Copy the lines below word for word, skipping any image.

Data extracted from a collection
◆ ◆ ◆
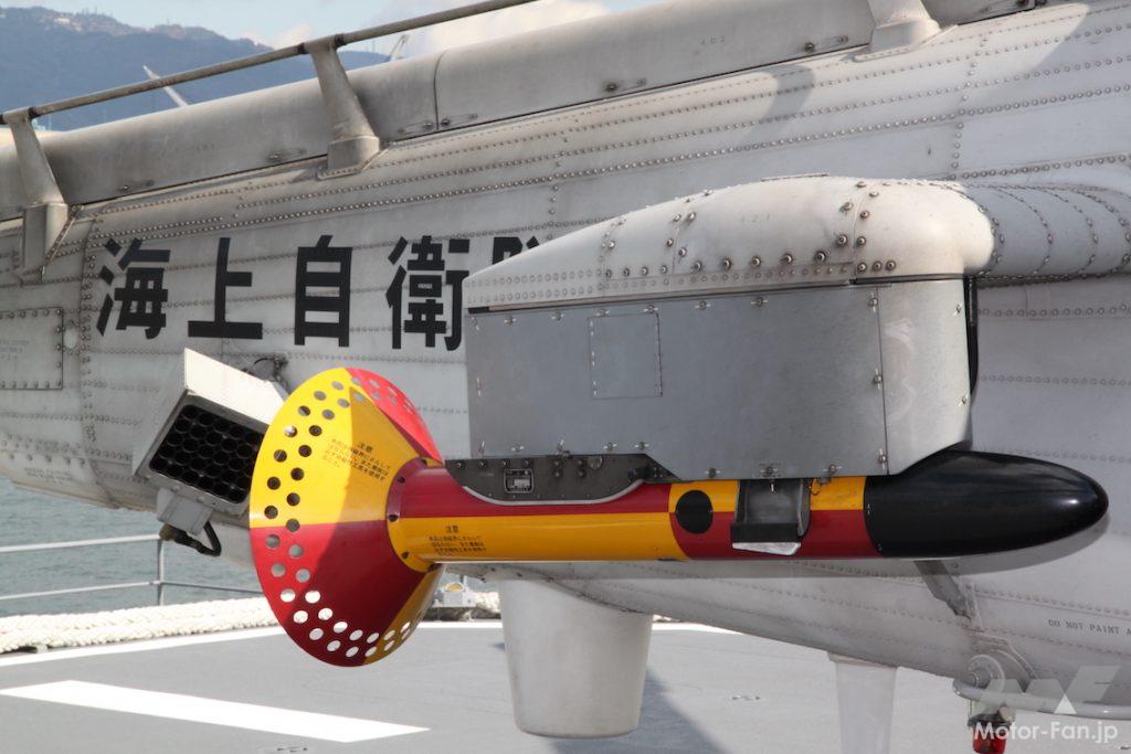 発見した潜水艦に対抗するための武装は対潜魚雷や対潜爆弾、空対艦ミサイルや機関銃まで装備できる。固定化された武装品はないのだが、必要に応じて機外の懸架装置やドア付近などに武装品を取り付けられる。キャビンのスライドドア付近には陸上自衛隊の車載機関銃を流用した7.62㎜機関銃を、さらには機外に高性能対戦車ミサイル「AGM-114MヘルファイアⅡ」も搭載できる。機関銃やミサイルの主目標は不審船などの小型艦艇・船舶だ。
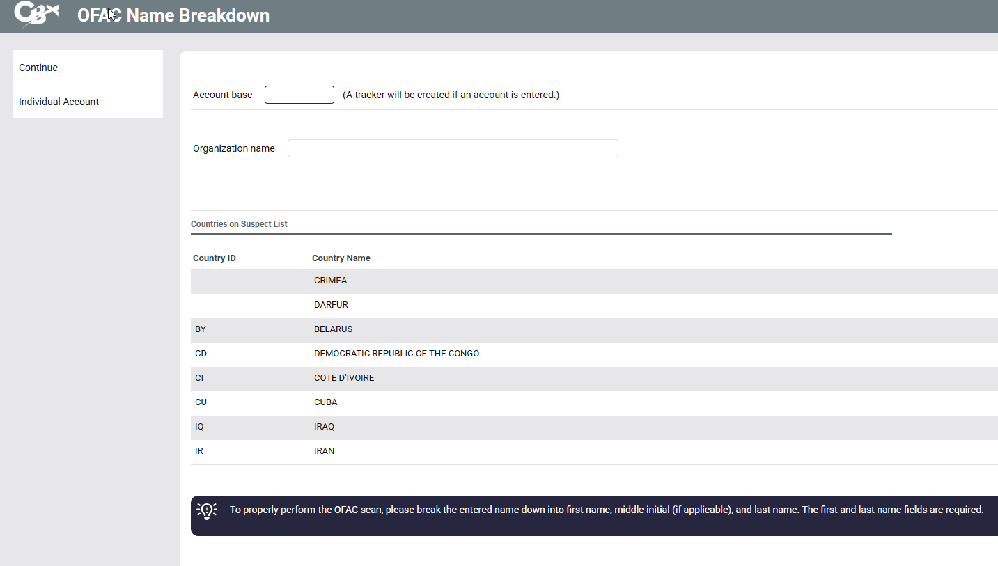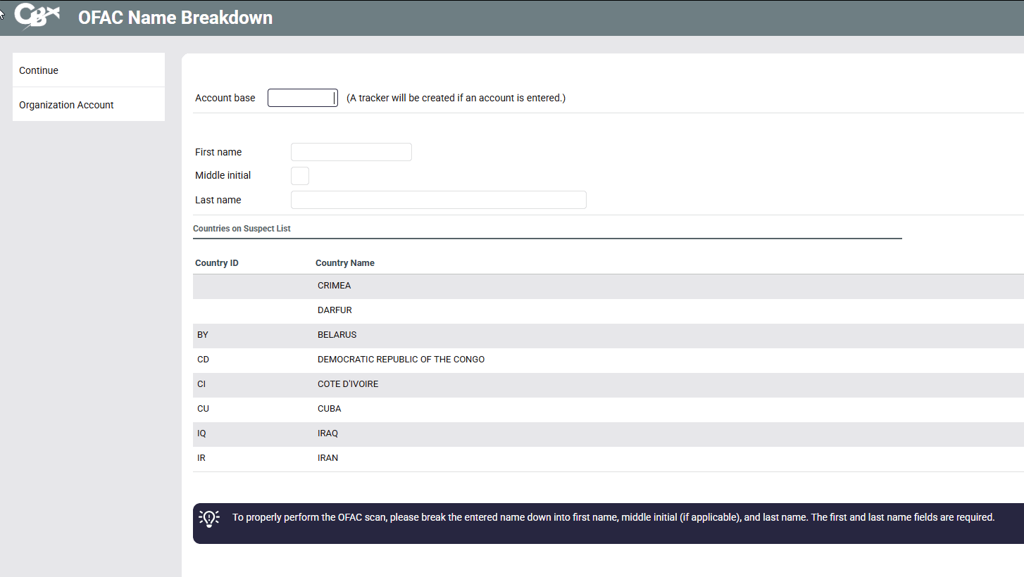 This screen allows you to confirm that the information entered in the field(s) on the screen to be scanned is correct before running the OFAC scan. You may need to enter the name or organization, depending on how you access this screen. There are two versions of this screen, one for scanning a person's name and the other for scanning an organizational name. The name version contains three fields (first name, middle initial, and last name) while the organizational version only contains one field. To change between the versions, use the toggle button on the left.
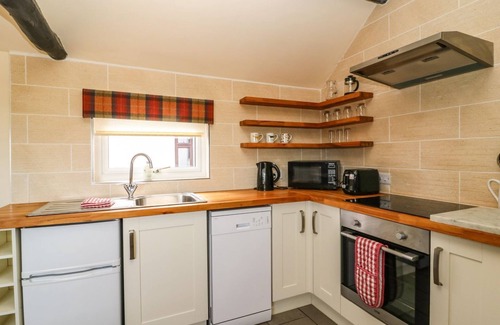 Amenities: Biomass central heating. Electric oven and hob, dishwasher, microwave and fridge/freezer. TV with Freeview, and WiFi. Fuel and power inc. in rent. Bed linen and towels inc. in rent. Off-road parking. Enclosed patio with seating. Two well-behaved dogs welcome. Sorry, no smoking. Shop 2.9 miles, pub 1.1 mile. Note: The bedroom is not an enclosed room.
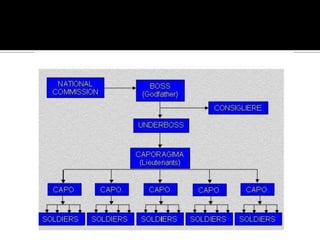 The document provides an overview of organized crime, specifically focusing on the history and structure of the American Mafia. It discusses how the Mafia originated in Sicily and was brought over by Italian immigrants to New York in the early 1900s. It grew significantly in power during Prohibition by bootlegging alcohol. The Commission was later formed to oversee the Five Families of New York. The document also outlines the hierarchy and rules of the Mafia family, their criminal activities, and the law enforcement response over time, including the use of the RICO Act and undercover operations like Donnie Brasco against the Mafia.
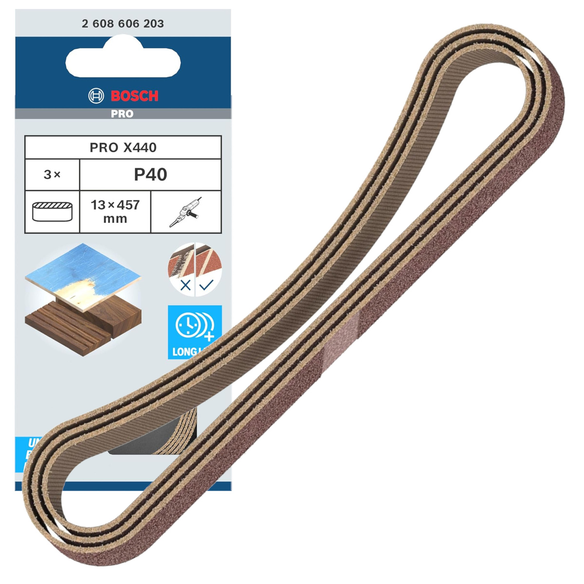 Pas bezkońcowy Bosch X440 13x457x40 2608606203 to wysokiej jakości akcesorium przeznaczone do pilników taśmowych, idealne do precyzyjnego i długotrwałego szlifowania drewna oraz farb. Wykonany z wytrzymałego płótna typu X, pas zapewnia doskonałą odporność na rozdarcia, co czyni go niezawodnym narzędziem nawet podczas intensywnej pracy na wymagających powierzchniach. Dzięki specjalnie wzmocnionemu złączu paskowemu pas jest wyjątkowo trwały i odpowiedni do najcięższych zadań. Doskonale sprawdzi się zarówno przy obróbce twardego drewna, jak i usuwaniu warstw farby, oferując równomierne rezultaty i długą żywotność.
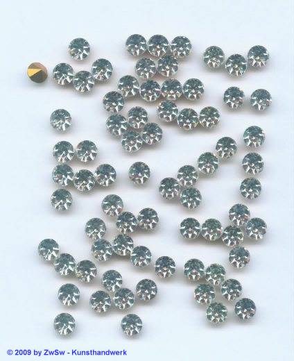 Swarovski® - Chaton Strasssteine mit einer spitzen Unterseite zum Einfassen und Einkleben. Der konische Strassstein ist auf der Unterseite mit einer goldfarbenen Folie überzogen, die dem Stein erst die Tiefe verleiht. Die Steine sind für Vertiefungen oder Schmuckkessel geeignet und können mittels einem Schmucksteinkleber eingeklebt werden. Die Strasssteine mit verschiedenen Materialien kombinieren, sehen als Anhänger für Ketten und Schnüre von Modeschmuck oder zum Ausbessern, zum Verzieren und Dekorieren sowie als Zubehör für Klosterarbeiten edel aus.
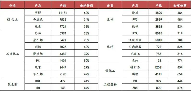 表:中国化工品在全球的产能份额(万吨/年)资料来源:卓创资讯、招商银行研究院
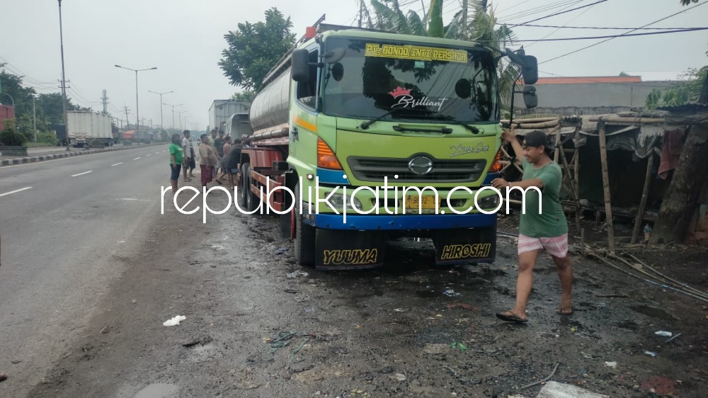 "Kronologis kecelakaan di depan PT HK ini bermula saat sepeda motor Honda Beat bernopol W 3703 GX datang dari arah Mojokerto menuju Surabaya. Tepat di TKP, diduga pengendara motor mengantuk hingga motor oleng ke kiri turun jalan raya. Akibatnya motor menabrak belakang Truk Tangki Tronton bernopol L 9632 UL yang berada di bahu jalan yang berada di cucian mobil itu. Karena truk sedang dicuci," ungkap mantan Kanit Lantas, Polsek Krian ini.
◆ ◆ ◆
EXERCISE SOLUTION:
 発見した潜水艦に対抗するための武装は対潜魚雷や対潜爆弾、空対艦ミサイルや機関銃まで装備できる。固定化された武装品はないのだが、必要に応じて機外の懸架装置やドア付近などに武装品を取り付けられる。キャビンのスライドドア付近には陸上自衛隊の車載機関銃を流用した7.62㎜機関銃を、さらには機外に高性能対戦車ミサイル「AGM-114MヘルファイアⅡ」も搭載できる。機関銃やミサイルの主目標は不審船などの小型艦艇・船舶だ。
 This screen allows you to confirm that the information entered in the field(s) on the screen to be scanned is correct before running the OFAC scan. You may need to enter the name or organization, depending on how you access this screen. There are two versions of this screen, one for scanning a person's name and the other for scanning an organizational name. The name version contains three fields (first name, middle initial, and last name) while the organizational version only contains one field. To change between the versions, use the toggle button on the left.
 Amenities: Biomass central heating. Electric oven and hob, dishwasher, microwave and fridge/freezer. TV with Freeview, and WiFi. Fuel and power inc. in rent. Bed linen and towels inc. in rent. Off-road parking. Enclosed patio with seating. Two well-behaved dogs welcome. Sorry, no smoking. Shop 2.9 miles, pub 1.1 mile. Note: The bedroom is not an enclosed room.
 The document provides an overview of organized crime, specifically focusing on the history and structure of the American Mafia. It discusses how the Mafia originated in Sicily and was brought over by Italian immigrants to New York in the early 1900s. It grew significantly in power during Prohibition by bootlegging alcohol. The Commission was later formed to oversee the Five Families of New York. The document also outlines the hierarchy and rules of the Mafia family, their criminal activities, and the law enforcement response over time, including the use of the RICO Act and undercover operations like Donnie Brasco against the Mafia.
 Pas bezkońcowy Bosch X440 13x457x40 2608606203 to wysokiej jakości akcesorium przeznaczone do pilników taśmowych, idealne do precyzyjnego i długotrwałego szlifowania drewna oraz farb. Wykonany z wytrzymałego płótna typu X, pas zapewnia doskonałą odporność na rozdarcia, co czyni go niezawodnym narzędziem nawet podczas intensywnej pracy na wymagających powierzchniach. Dzięki specjalnie wzmocnionemu złączu paskowemu pas jest wyjątkowo trwały i odpowiedni do najcięższych zadań. Doskonale sprawdzi się zarówno przy obróbce twardego drewna, jak i usuwaniu warstw farby, oferując równomierne rezultaty i długą żywotność.
 Swarovski® - Chaton Strasssteine mit einer spitzen Unterseite zum Einfassen und Einkleben. Der konische Strassstein ist auf der Unterseite mit einer goldfarbenen Folie überzogen, die dem Stein erst die Tiefe verleiht. Die Steine sind für Vertiefungen oder Schmuckkessel geeignet und können mittels einem Schmucksteinkleber eingeklebt werden. Die Strasssteine mit verschiedenen Materialien kombinieren, sehen als Anhänger für Ketten und Schnüre von Modeschmuck oder zum Ausbessern, zum Verzieren und Dekorieren sowie als Zubehör für Klosterarbeiten edel aus.
 表:中国化工品在全球的产能份额(万吨/年)资料来源:卓创资讯、招商银行研究院
 "Kronologis kecelakaan di depan PT HK ini bermula saat sepeda motor Honda Beat bernopol W 3703 GX datang dari arah Mojokerto menuju Surabaya. Tepat di TKP, diduga pengendara motor mengantuk hingga motor oleng ke kiri turun jalan raya. Akibatnya motor menabrak belakang Truk Tangki Tronton bernopol L 9632 UL yang berada di bahu jalan yang berada di cucian mobil itu. Karena truk sedang dicuci," ungkap mantan Kanit Lantas, Polsek Krian ini.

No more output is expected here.